Our facility is directed by Prof. David Schaffer in collaboration with the management oversight committee. In addition, it is managed by Dr. Mary West, who has successfully overseen the installation of the equipment and resources described above, provides rigorous training to our users, and aids in the development of imaging strategies to enable numerous experiments.
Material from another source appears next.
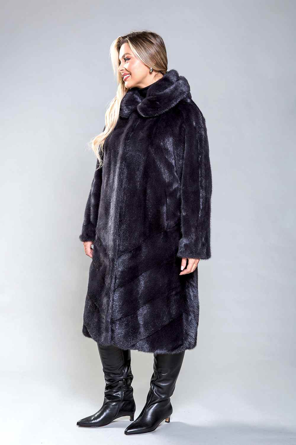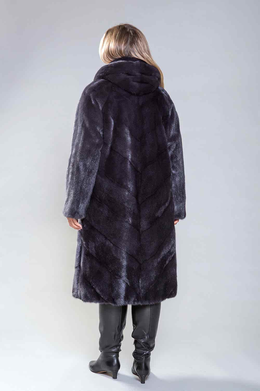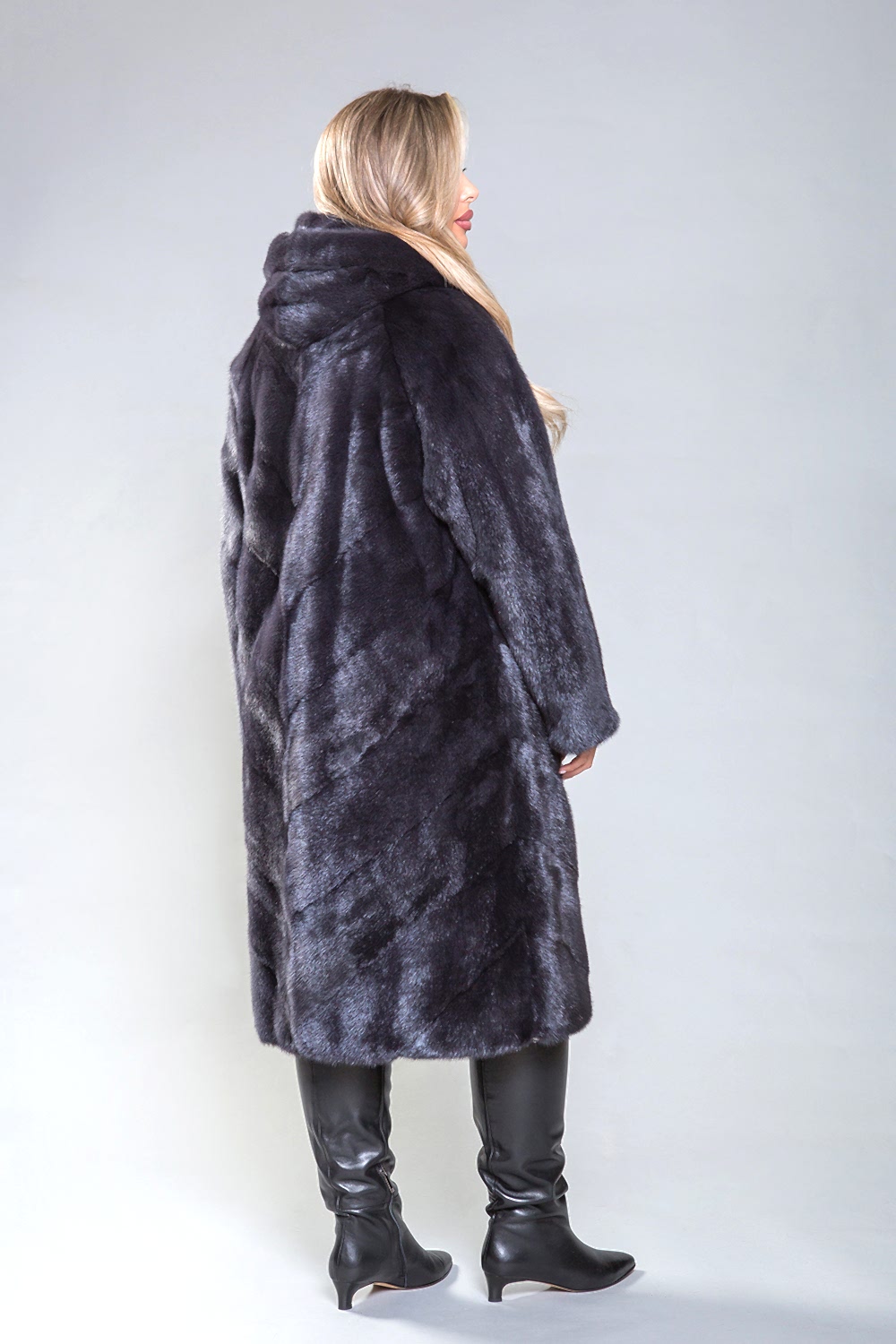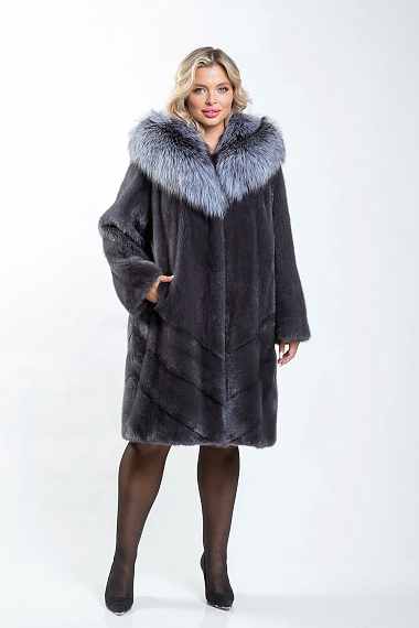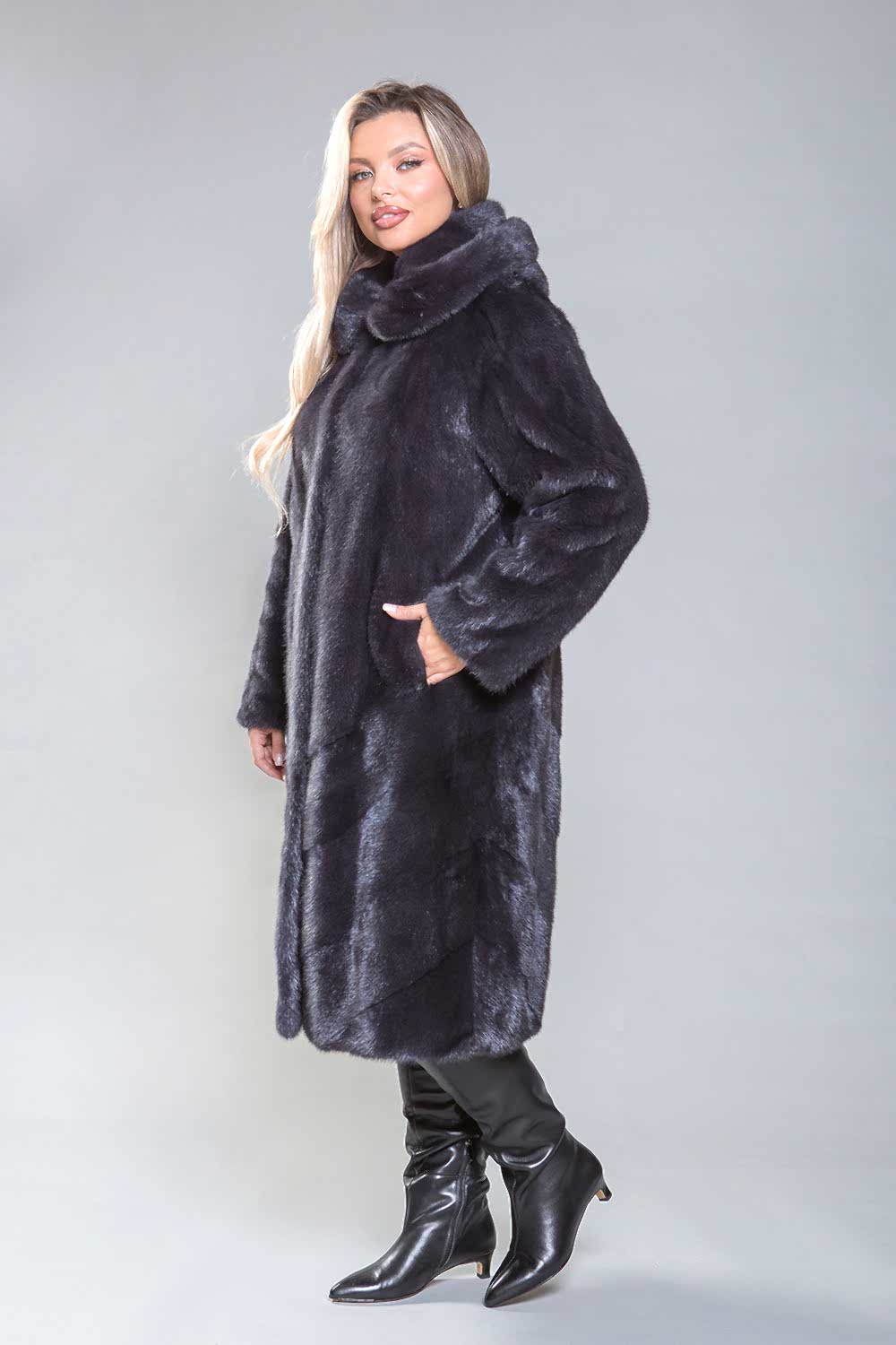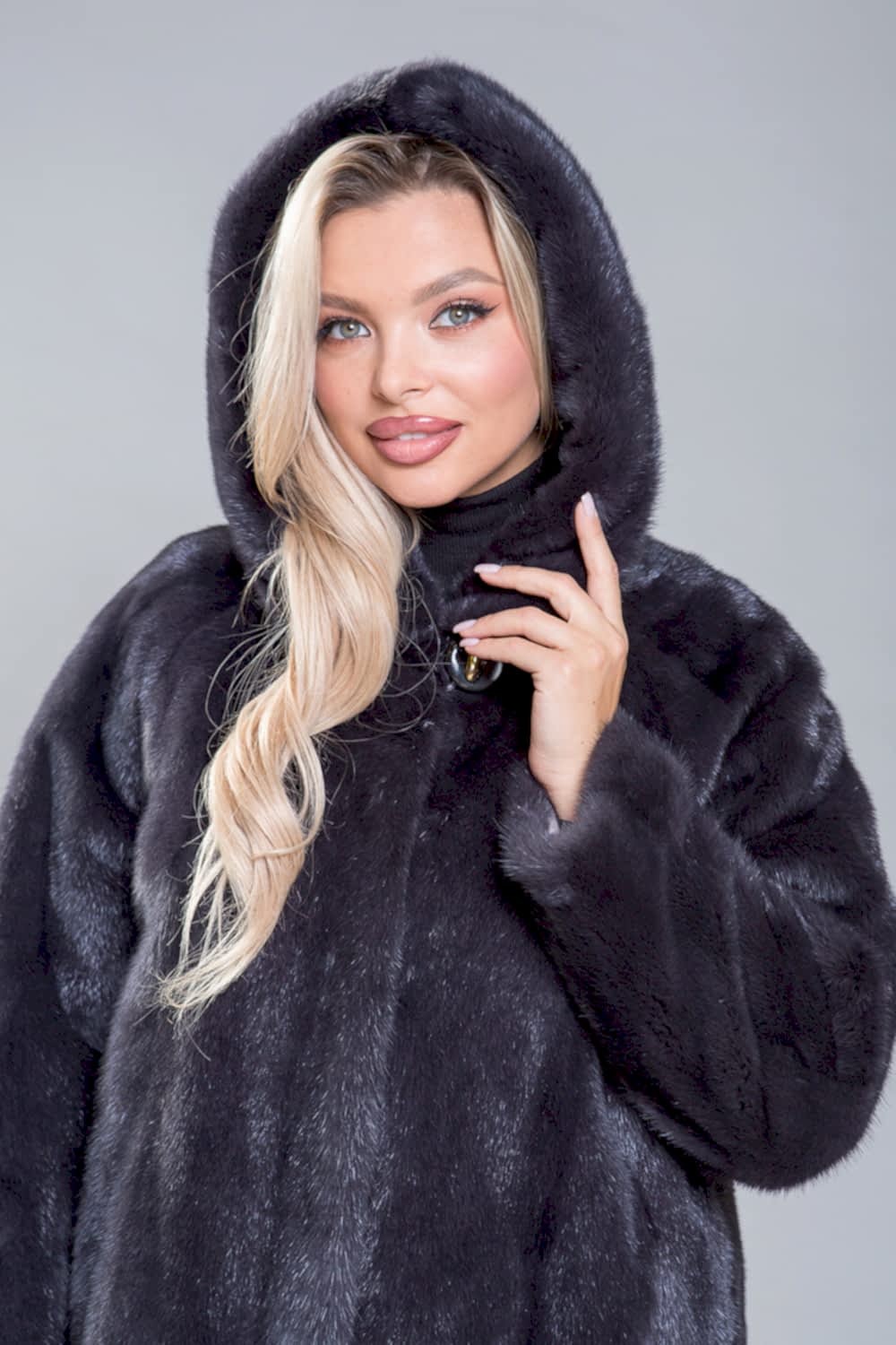 Полупальто из меха норки с капюшоном. Эта модель объединяет несколько техник кроя: передняя часть выполнена в технике роспуска, низ оформлен диагональной выкладкой пластин, а спинка состоит из полностью диагональной выкладки. Для удобства предусмотрены регулируемые утяжки на талии, рукавах и подоле. Длина изделия составляет 110 см. Удобный крой обеспечивает Pin-Up комфорт, а благородный оттенок муссона придаёт образу безупречную гармонию. Пальто изготовлено из высококачественного меха и выглядит изысканно!

In greater scientific detail, 75 students and postdoctoral fellows from the laboratories of 21 PIs have approved access and are using the facility to date. Therefore, these resources are enabling and enhancing a large and growing number of research projects, which are described in greater detail in the full scientific progress report. The goal of a project in the Song Li lab that has made great progress this year is to derive functional neural crest stem cells (NCSCs) from embryonic stem cells and induced pluripotent stem cells. The derived NCSCs were used in nerve and blood vessel regeneration. In addition, other projects aimed at identification and characterization of adult stem cells in blood vessels. The marker expression and multipotency were determined by using ImageXpress and flow cytometry at CIRM SSCF. The next phase of this study focuses on the function of vascular stem cells in other diseases including arthrosclerosis. As another example, the Healy lab is developing new synthetic substrates for culturing human embryonic stem cells under defined conditions. Progress was made and published by the Healy lab in creating synthetic culture surfaces and materials for long-term hESC propagation, a project that has involved heavy usage of the ImageXpress. As a final example, the Schaffer lab has engineered new gene delivery vehicles that can augment and edit the genome of hESCs and neural stem cells. Quantification of gene delivery efficiency and gene targeting has been greatly aided with the flow cytometry and high throughput imaging capabilities of the CIRM facility. Finally, the Kumar lab studies how the molecular and mechanical properties of the cellular cytoskeleton regulate cell function. For example, he uses laser ablation of subcellular features such as cytoskeletal filaments to provide real time information on the mechanical properties of the cytoskeleton. He is establishing laser ablation using the multiphoton microscope in the CIRM facility, a capability that will be applied to study cytoskeletal mechanics of stem cells.
We anticipate in the upcoming year that this valuable facility will thus be increasingly utilized to advance a growing number of projects.